We're gonna use the Receive Hit Box Click event to see which button the player clicked. And this is the reason why we used the Hit Box name earlier while making our button function. We add a switch node with custom pin names equivalent to our button hit box names. No matter which button the player clicked, we will first set 'DisplayHUD' to false. If the player clicked on the move command, it's pretty easy to handle it. We just get our controller and use the 'Simple move to location' node with the hit location we received earlier as the input. Handling the fire action command is a different story. It would make sense to have a screenshot over here first:


Before we spawn the projectile for firing, we're gonna rotate the player to face the direction of the hit location. In order to achieve this, we first get the forward vector, multiple it by say 100, and add it to the actor location. We then use this data along with the hit location and find look at rotation to get the necessary yaw value of the new rotation value. We then get the actor rotation and change it's yaw value to this new yaw value. We then set actor rotation using this new yaw value. I'm using a delay of .2 seconds after this, so that the player has finished turning to face the new direction before firing the projectile. Then I go to MyController and create a new function - 'Fire at Hit Location', with the three vector inputs shown above. I then call this function after the above mentioned delay.

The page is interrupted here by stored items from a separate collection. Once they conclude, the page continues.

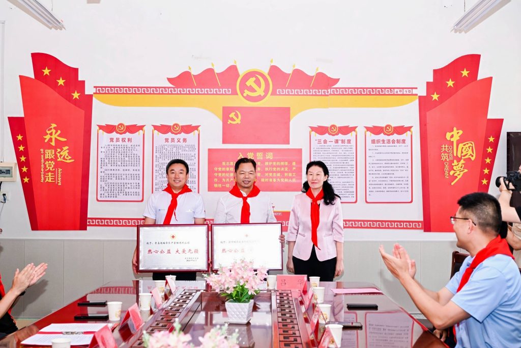 科技董事长赵洪亮和长江商学院企业家张磊颁发爱心捐赠牌匾。“热心公益,大爱无疆”八个大字,既是对新时代企业家富而思源,勇担社会责任精神的高度赞扬,也体现了爱心企业对农村教育事业的大力支持和对孩子们的深切关怀。
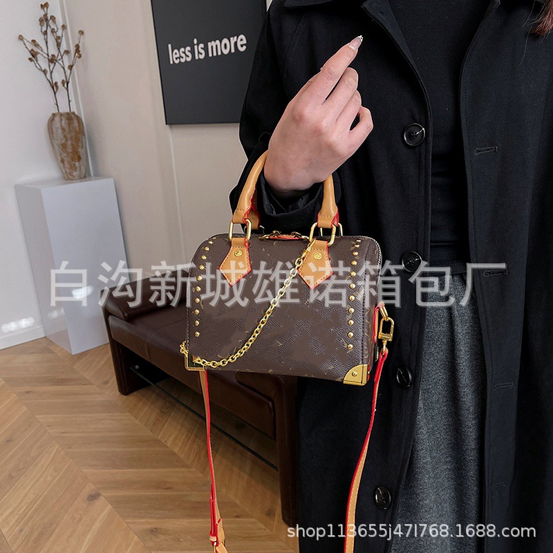 2025 복고풍 스타일의 새로운 체인 보스턴 베개 가방 국경 여성 어깨 슬렁 휴대 전화 가방 107 #
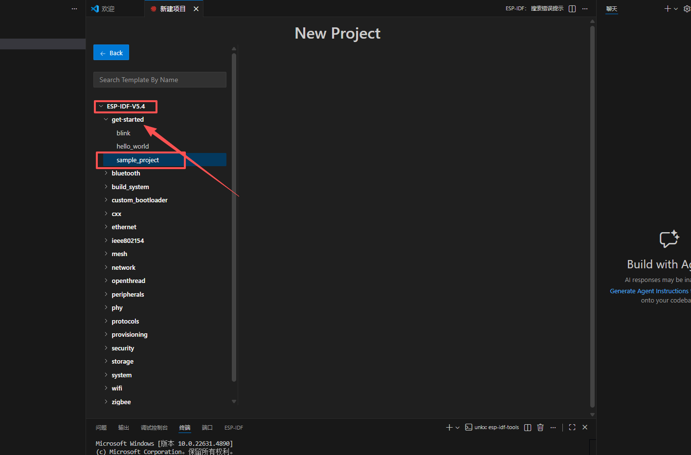 - 在esp-idf-v5.4/tools目录下找到template,复制sample_project到examples/get-started目录。
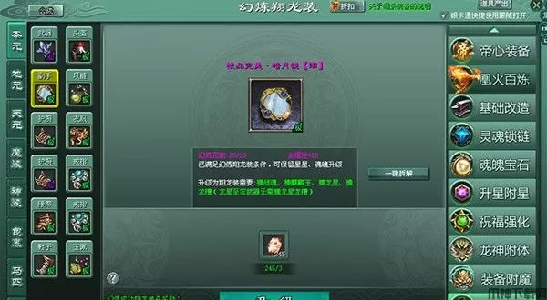 2、装备进行翔龙装炼化时,玩家需要先拆解升级装备的战魂,麒麟玉、龙星、龙槽,可通过一键拆解完成。
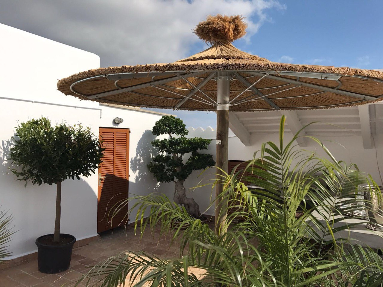 Genau hier setzen wir an. Unsere Strohschirme verbinden authentische, natürliche Optik mit einer außergewöhnlich robusten Konstruktion. Sie sind sturmfest, langlebig und für den dauerhaften Einsatz in Gastronomie, Hotellerie und privaten Außenbereichen konzipiert.
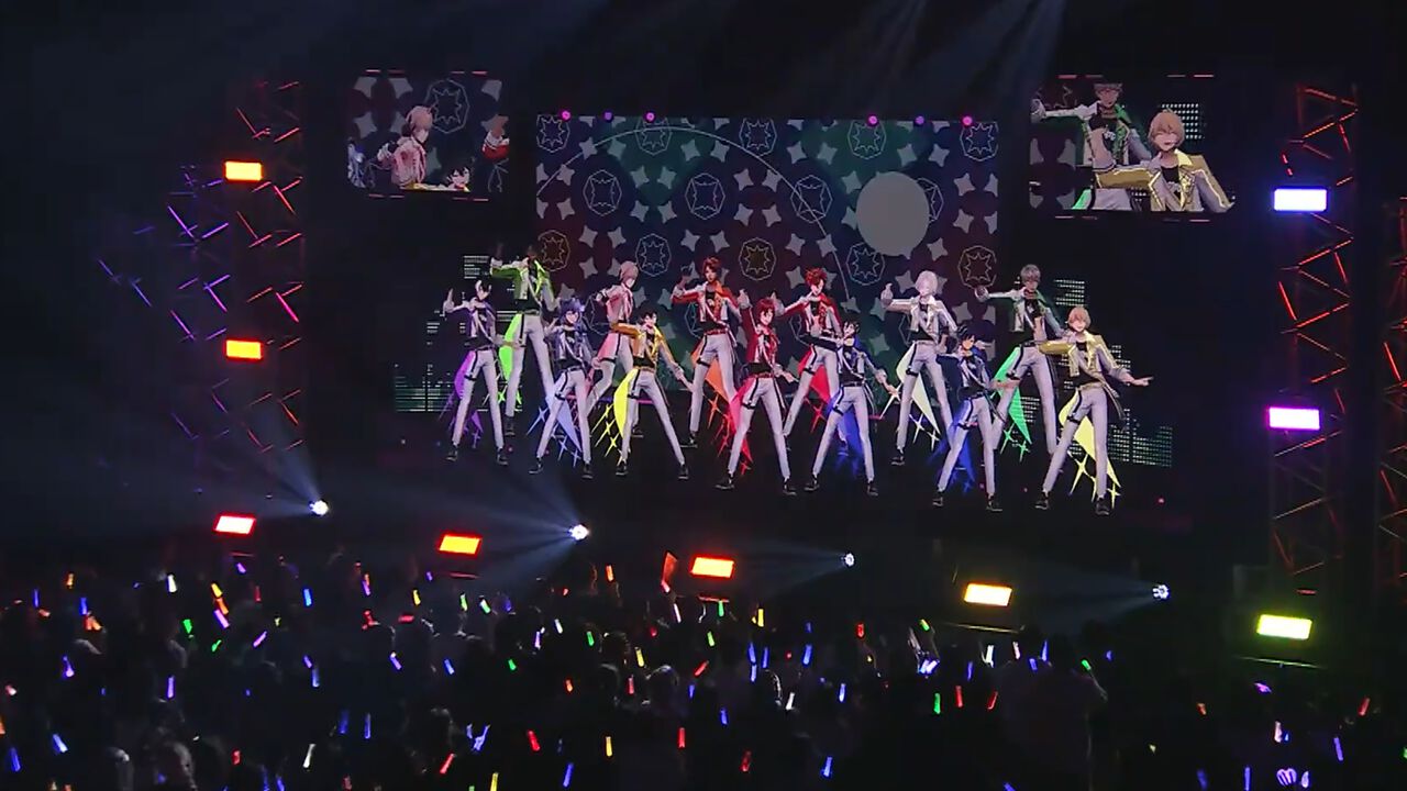 • EN01. Just Follow Stars(荒咬オウガ/律可/夕刻ロベル/緋崎ガンマ/羽継烏有/アルランディス前列:影山シエン/水無世燐央/夜十神封魔/花咲みやび/奏手イヅル/アステル・レダ/岸堂天真)
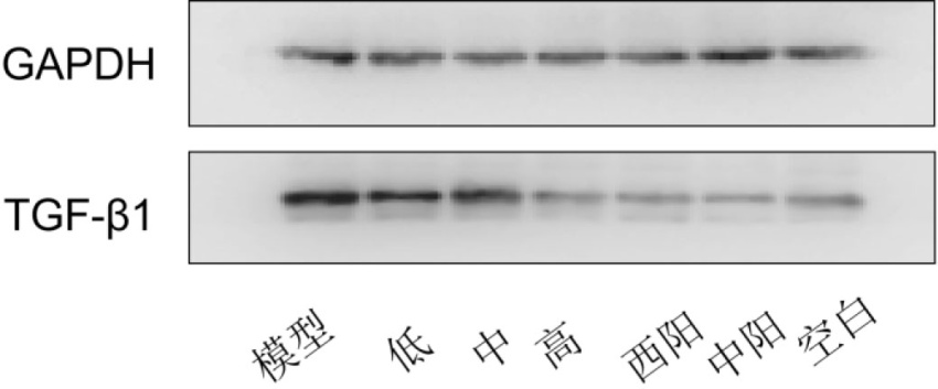 4.8. WB实验监测通脉刺五加胶囊对TGF-β1蛋白的表达情况
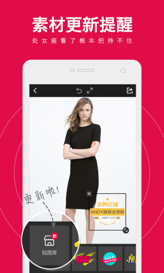 专为电商设计的贴纸库,包含搞怪、卖萌、活动等多种风格,助力营销宣传更具吸引力。
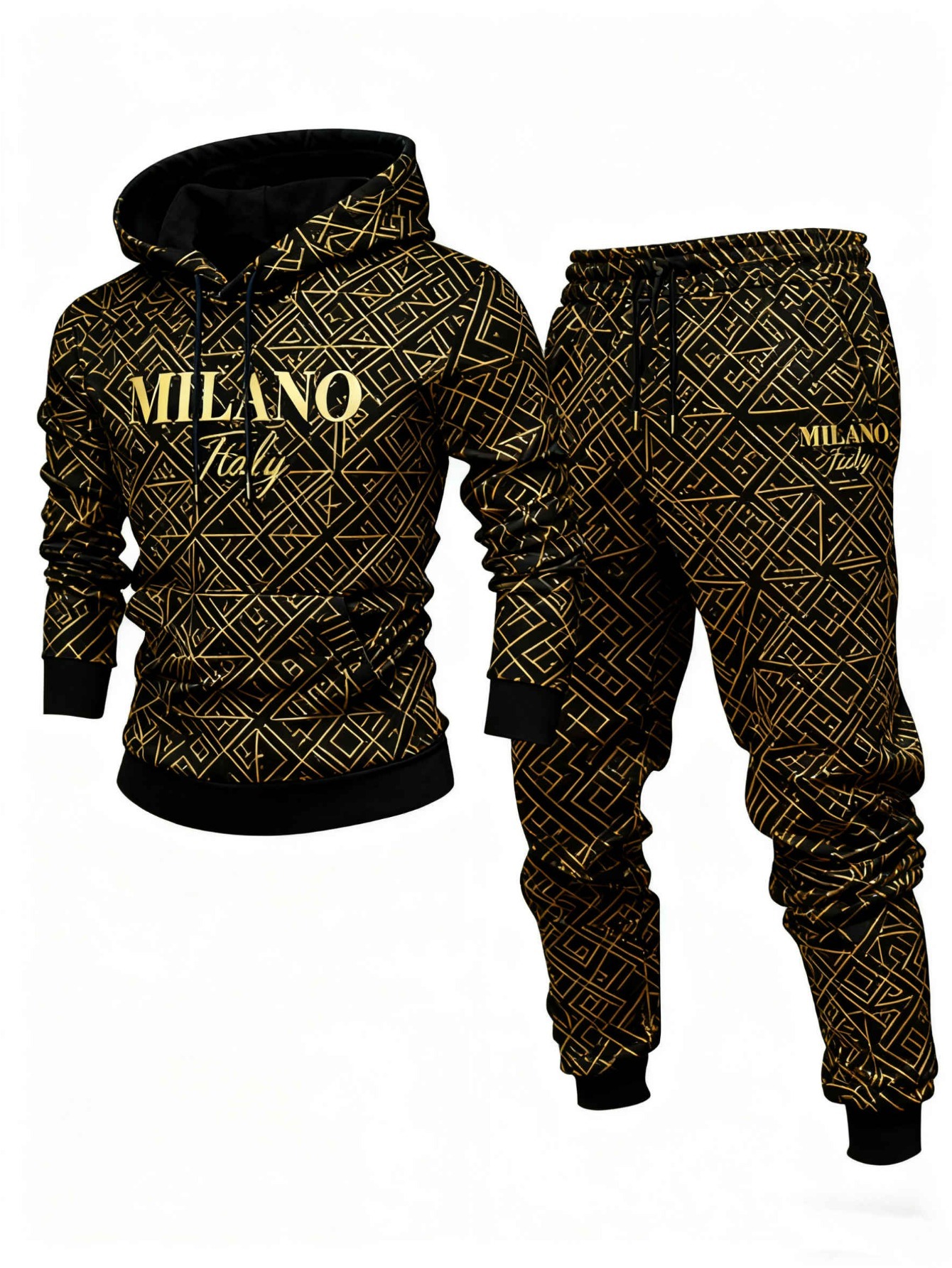 Men's Casual Black & Gold Color Geometric Printed Hoodies Long-Sleeve Sweatshirts & Sweatpants Two-Piece Set
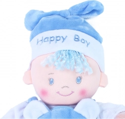 Deze superzachte lappenpop verblijdt elk kind met haar vriendelijke uitstraling en aangename aanraking. De blauwe outfit met schattig beertje en mutsje geeft de pop een eigen charme, terwijl de geborduurde details zorgen voor comfortabel en veilig knuffelen.
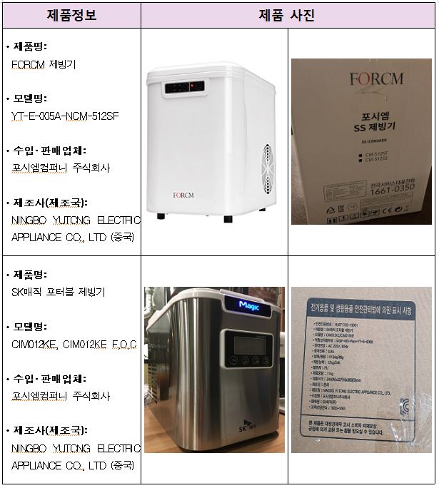 회수 대상은 포시엠컴퍼니 주식회사에서 수입·판매한 SK매직 포터블 제빙기, 전기 제빙기, FORCM 제빙기 등 4종이다.
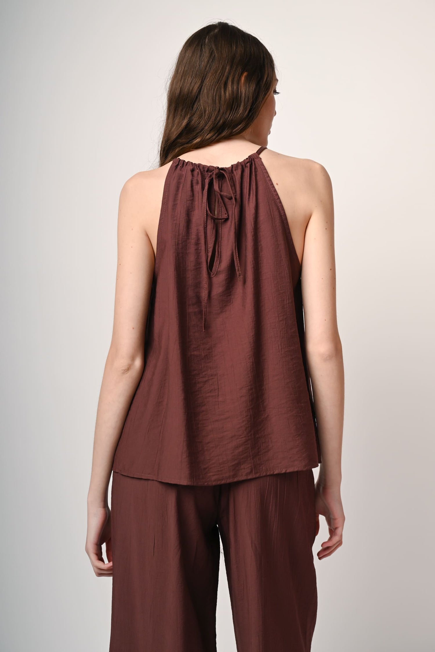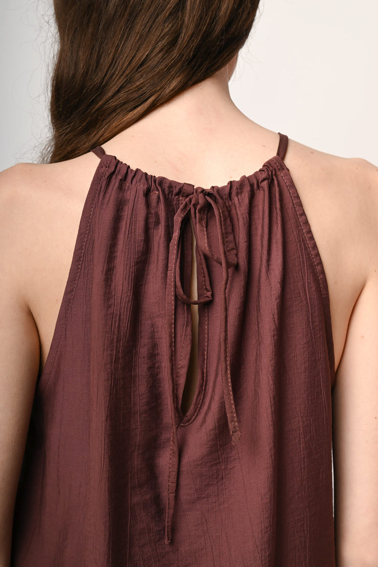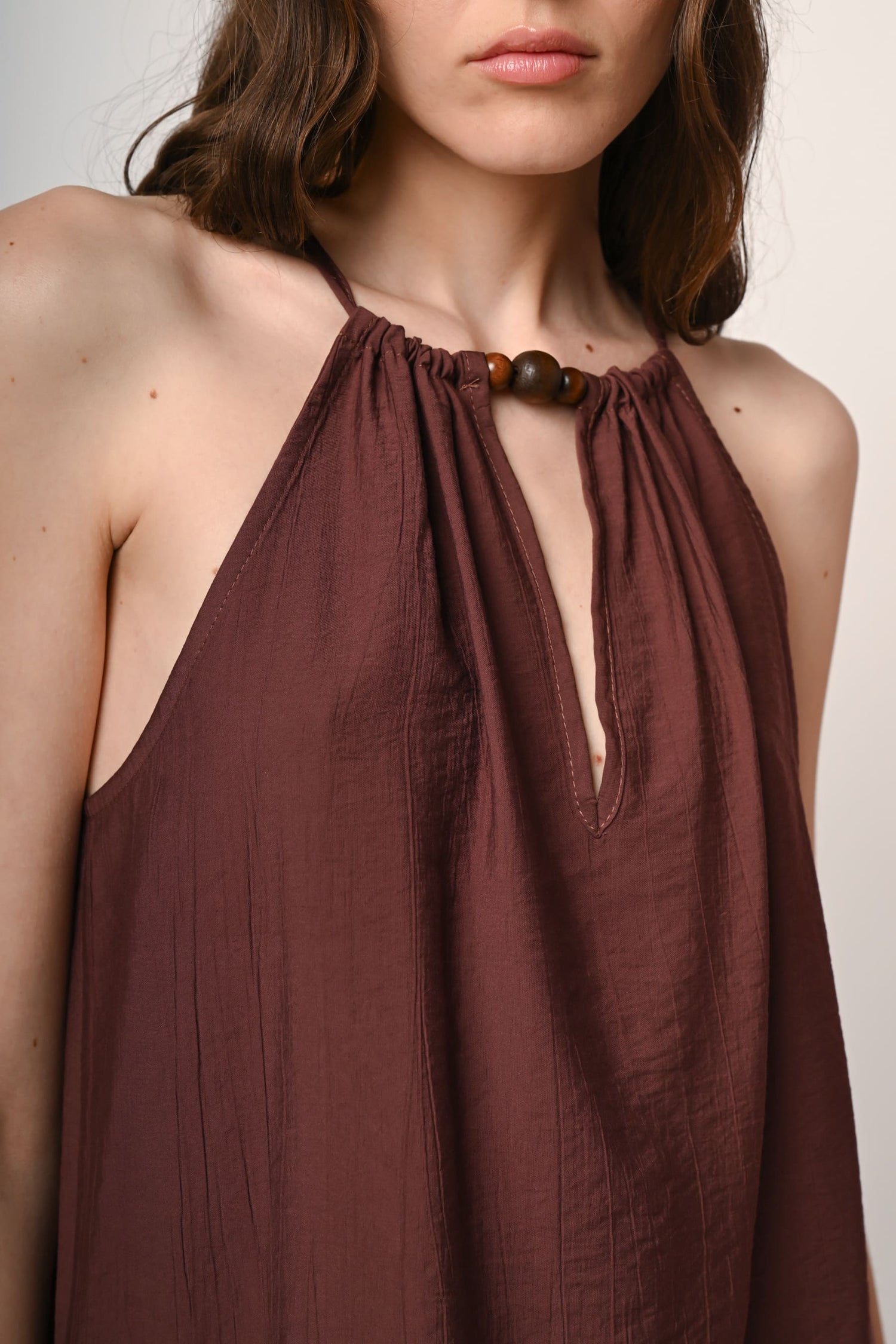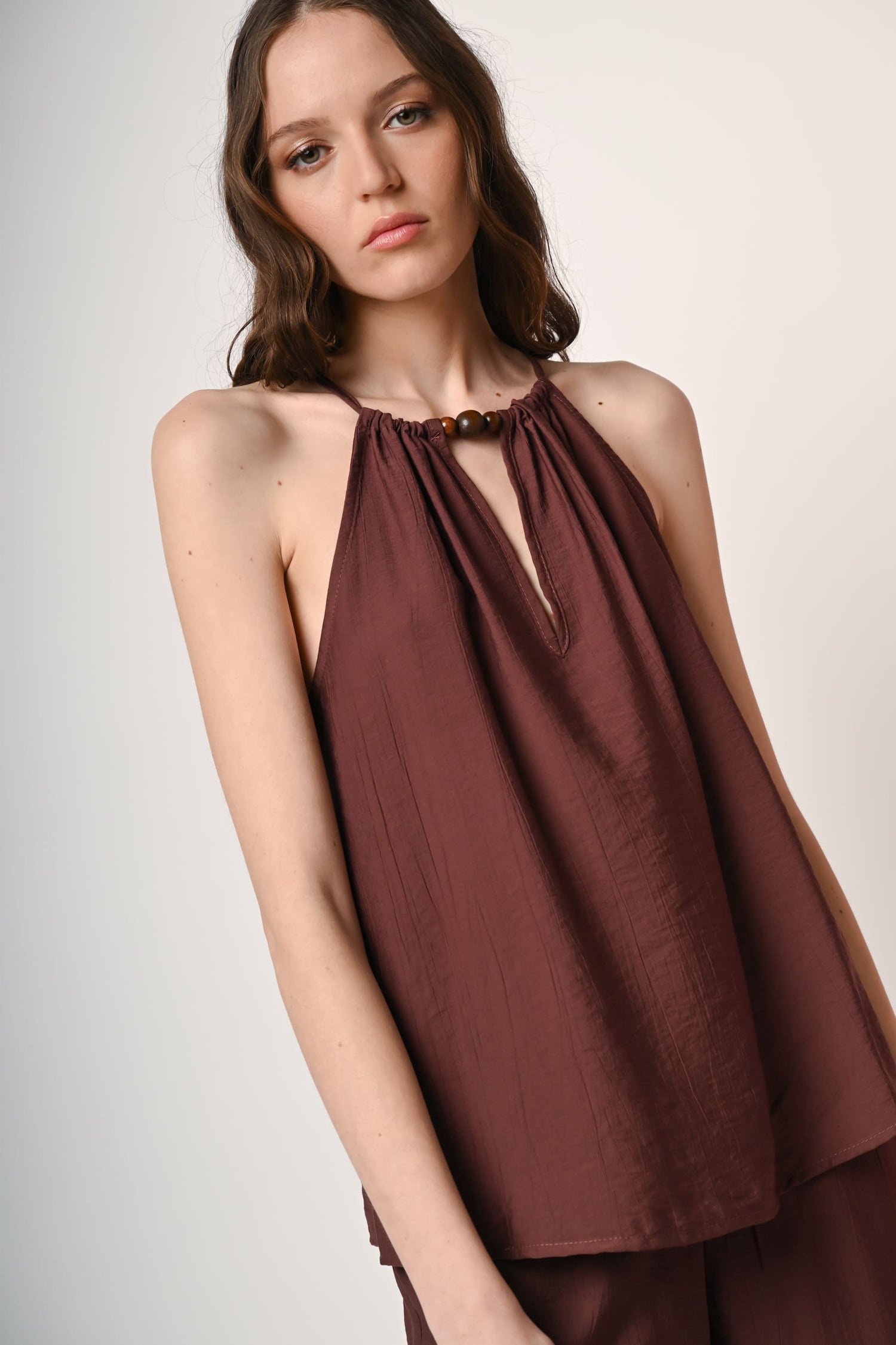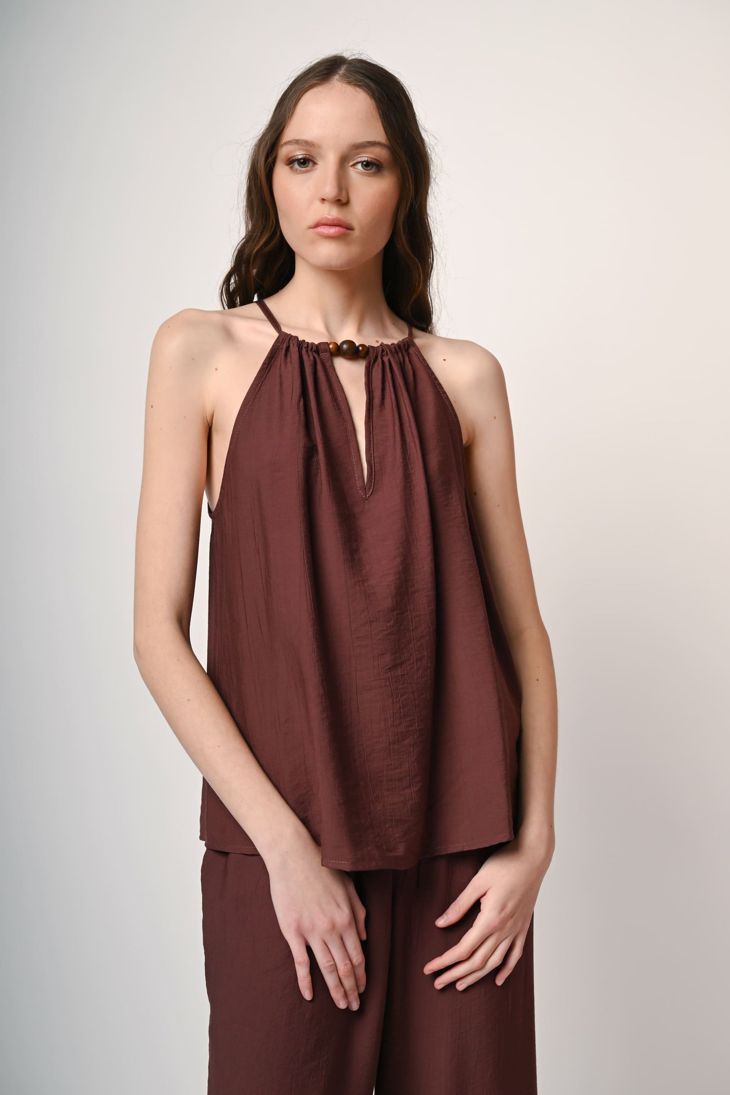 Top misto viscosa e nylon marrone con taglio allamericana, laccetti da annodare allo scollo con perline decorative in legno e cut-out a goccia.

As you may have noticed, I'm getting the forward vector again, since the player character is now facing a different direction. Now here's a screenshot of the function:


I'm not going into the details of it's implementation, as I have already explained the process in one of my earlier tutorials. You can find it here: 


With that, we have implemented a working HUD based Command UI for the Top Down template. Just to make it a bit more realistic, you could add the logic from the screenshot below, to your projectile blueprint, the making of which is explained in the above link.


This code, makes sure that your projectile is destroyed after impact with other actors. I've also added a particle system to be spawned at impact.